Evaluation Framework

MultimodalReportBench: 100 diverse topics (technology, healthcare, education, climate, etc.) evaluated across five dimensions (informativeness, coherence, verifiability, visualization quality, and visualization consistency).

Key Experimental Results

Main Results

Model Overall Win Rate Verifiability Visualization Quality
Claude 3.7 Sonnet (MDR) 82% 86% 80%
Open-source Model (MDR) 55%
Human Evaluation (20 topics) 100%

Chart Quality Comparison (10-point scale)

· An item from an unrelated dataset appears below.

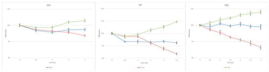 Based on the graphs depicted in Figure 6, their relative stability was higher than 80%. The greatest losses occur, as expected, at acetylsalicylic acid in SIF and PBS, as these solutions are alkaline.

Metric MDR Baseline (DataNarrative)
Layout 9.23 8.48
Aesthetics 9.12 8.38

Visualization Diversity

Chart Type MDR Baseline
Flowcharts 15 2
Dashboards 18 1
Complex Types Total 280 96

Ablation Study

Removed Component Performance Drop
Planning (Stage 3) 85%
Iterative Refinement (Stage 4 Critic) 80%
Exemplar Learning (Stage 2) 70%

Key Findings

  • 82% automatic win rate + 100% human win rate: A clear advantage over the DataNarrative baseline.
  • Substantially improved visualization diversity: MDR generates 280 complex chart types vs. 96 for the baseline, with particularly large gains in flowcharts (15 vs. 2) and dashboards (18 vs. 1).
  • Planning is the most critical stage: Removing it leads to an 85% performance drop, highlighting the importance of structured planning for text-chart coordination.
  • High agreement between human and automatic evaluation: 80% of judgments are consistent, validating the reliability of the automatic evaluation.
  • Efficiency trade-off: MDR averages 767s vs. 373s for the baseline (~2×), primarily due to the iterative rendering refinement loop.

Highlights & Insights

  • FDV is the core innovation: It addresses the fundamental problem of "how LLMs can understand and generate visualizations." By structuring visual design into four dimensions grounded in the Grammar of Graphics, it translates visual design into a text space operable by LLMs.
  • The Actor-Critic rendering loop is highly practical: Rather than having LLMs generate code from imagination, the system actually renders the output, examines screenshots, and reads error logs to iteratively correct issues—representing genuinely grounded code generation.
  • The AAAI Oral recognition is well-deserved: The problem addressed has substantial practical value. Research reports, business analyses, and news visualizations all require text-chart interleaved content, and the pure-text output of existing Deep Research systems is a clear limitation.
  • The in-context learning strategy via exemplar textualization is elegant: No training is required; by converting high-quality examples into FDV text, LLMs learn text-chart interleaving patterns directly.

Limitations & Future Work

  • Element overlap in D3.js charts persists when spatial layouts are complex.
  • When retrieved information is insufficient, the LLM may fabricate data for charts—a serious concern in research report generation.
  • Generation is slow (~13 minutes per report), with the primary bottleneck in the browser rendering refinement loop.
  • The core code is not fully open-sourced due to organizational constraints.
  • Evaluation covers English reports only; multilingual support remains unvalidated.
  • vs. DataNarrative: DataNarrative generates only simple chart types, whereas MDR produces complex and diverse visualizations (dashboards, mind maps, infographics) via FDV and exemplar learning.
  • vs. Deep Research (OpenAI): Deep Research outputs plain-text reports; MDR is the first system to achieve text-chart interleaving.
  • Implications for Agent research: The combination of agents with browser tools (rendering, screenshot capture, log reading) is a transferable pattern applicable to all scenarios requiring "code execution verification" (e.g., web development, UI design).

Rating

  • Novelty: ⭐⭐⭐⭐⭐ FDV combined with text-chart interleaved report generation constitutes an entirely new task—a pioneering contribution worthy of AAAI Oral recognition.
  • Experimental Thoroughness: ⭐⭐⭐⭐ Automatic evaluation, human evaluation, ablation studies, and diversity analysis are all included, though only a single baseline is compared.
  • Writing Quality: ⭐⭐⭐⭐ The four-stage framework is clearly described, and the FDV design is theoretically grounded.
  • Value: ⭐⭐⭐⭐⭐ Directly addresses the core limitation of Deep Research's plain-text output, with immediate applicability to research assistants and business analytics.